Another who enjoyed a less-than-memorable Lions debut was scrum-half Gareth Cooper who fumbled for Argentina's opening try and whose lack of touch on his passing seriously inhibited their cause.

And Irishman Gordan D'Arcy looked a shadow of the centre who dominated the 2004 Six Nations who had been held by many as the natural partner for tour captain Brian O'Driscoll.

He was willing in attack but he had a touch of the Roberto Duran - hands of stone - never more so than when he should have collected a Geordan Murphy pass to scamper ten yards to score the winner.

Like so many balls that came his way last night, it hit the turf.

Quite how Woodward's men trailed by only three points at half time is remarkable. Man for man they might have been better players - at times they showed it - but those occasions were all too rare and it was the visitors who looked as though they had been handpicked from the cream of four elite rugby playing nations.

Their greater cohesion reaped the first 13 points in as many minutes as Todeschini landed two penalties and converted a try made by Lisandro Arbizu and scored by winger Jose Nunez Piossek.

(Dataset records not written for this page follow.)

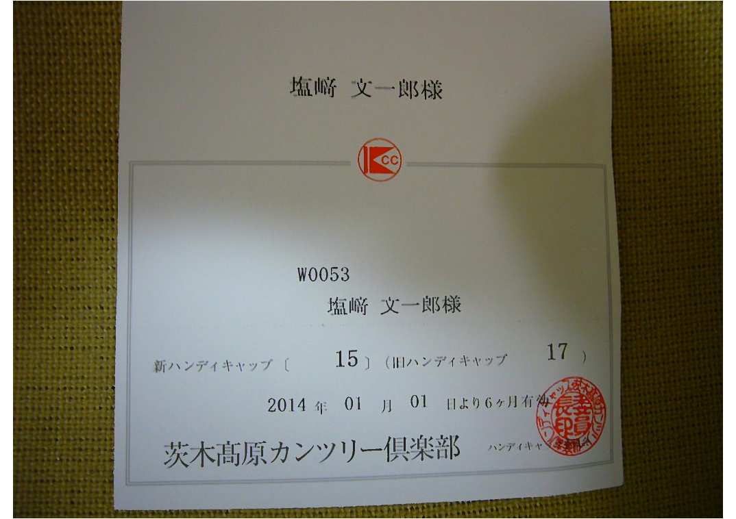 本日、倶楽部からハガキがきました。新ハンディキャップ 15やりましたね―っ! です。目標達成!!2012年10月 初ハンディ 242013年1月 年明け 23・・・1個減った2013年3月 21・・・月例で優勝したから2013年7月 17・・・4個も減った 月例優勝2014年1月から 15・・・夏ごろ80前半が多かったから?とりあえず目標(65歳までにHC15になる!)を達成しました。もーこれからは ボチボチ やります。このくらいで楽しく廻れたらいい!!15を大事にキープします。
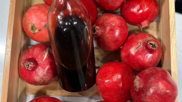 نضيف منقوع التمر الهندي ودبس الرمان ونحرك المزيج جيداً.
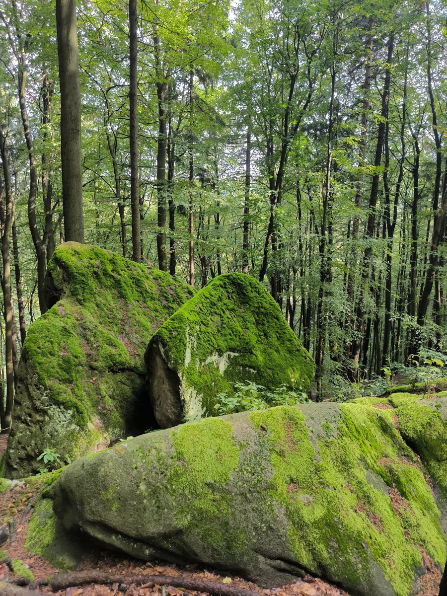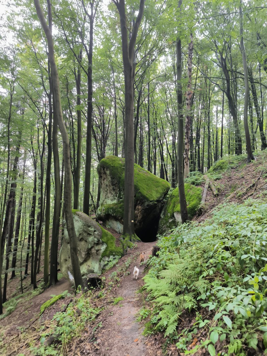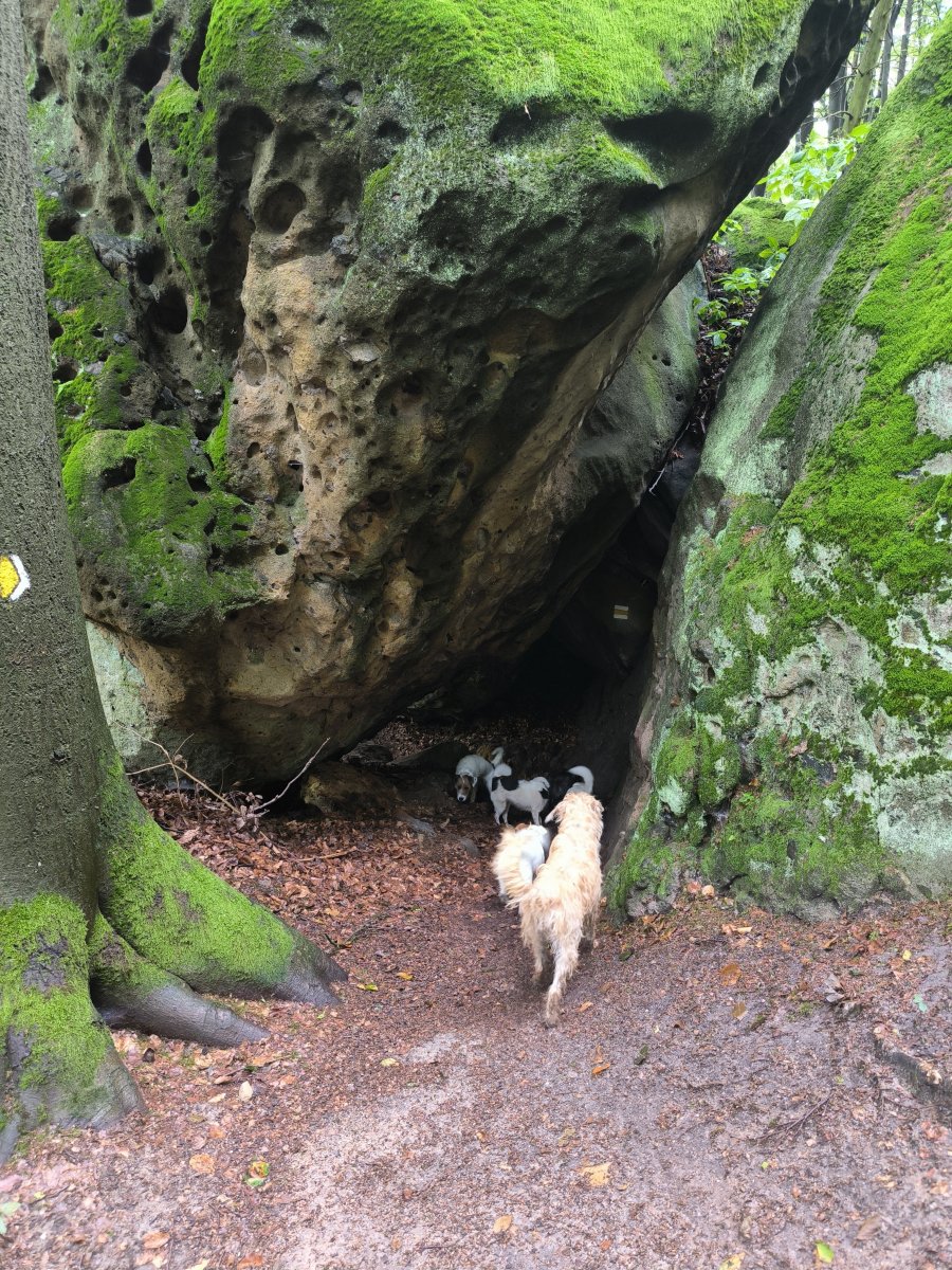 Trasa se jevila úplně parádně a prošli jsme si nádhernou cestu lesem. Trošku jsme zmokli, trošku jsme se okoupali průchodem lesním tunýlkem a pak jsme scházeli kolem nádherných skal po stezce Zdenka Sedláčka. No ale já si vymyslela, že se chci podívat na skalní útvar Miláček. A to byla největší blbost dne. 😂 Krpál jak kráva. Už tam nikdy nejdu. 😂

The Lions only try, after 17 minutes, was the product of England captains past, present and future as Martin Corry stopped No 8 Juan Manuel Leguizamen from crossing the gain-line in his own 22. That gave his team an attacking line-out which was nudged deeper into Pumas territory where Wilkinson made the first of several adept offloads by releasing Ollie Smith at full pace over the line.

The rest of the first half belonged to Wilkinson and Todeschini who exchanged goals as schoolboys do football cards. Both packs simply give away penalties.

It meant Mr Dickinson's whistle was never far from his lips, thus attacking rugby could not flourish. But that the Pumas because when men like Shane Williams and Denis Hickie did get the ball in hand they looked reasonably incisive. It was down to Jonny and his wonder boot to spare a few blushes.

LIONS: Murphy; Hickie, Smith (Horgan 61), D'Arcy, Williams; Wilkinson, Cooper (Cusiter 59); Rowntree, Byrne (Thompson 70), Hayes (White 50), O'Callaghan (Kay 70), Grewcock, Corry, Moody, Owen. Replacements: Dallaglio, O'Gara.

ARGENTINA: Stortoni; Nunez Piossek, Arbizu, Contemponi, Leonelli; Todeschini, Fernandez Miranda; Mendez, Ledesma, Reggiardo, Bouza, Sambucetti (Carizza 73), Schusterman, Genoud (Sanz 71), Leguizamon. Replacements: Guinazu, De Chazal, Lopez, Fleming, Bosch, Serra.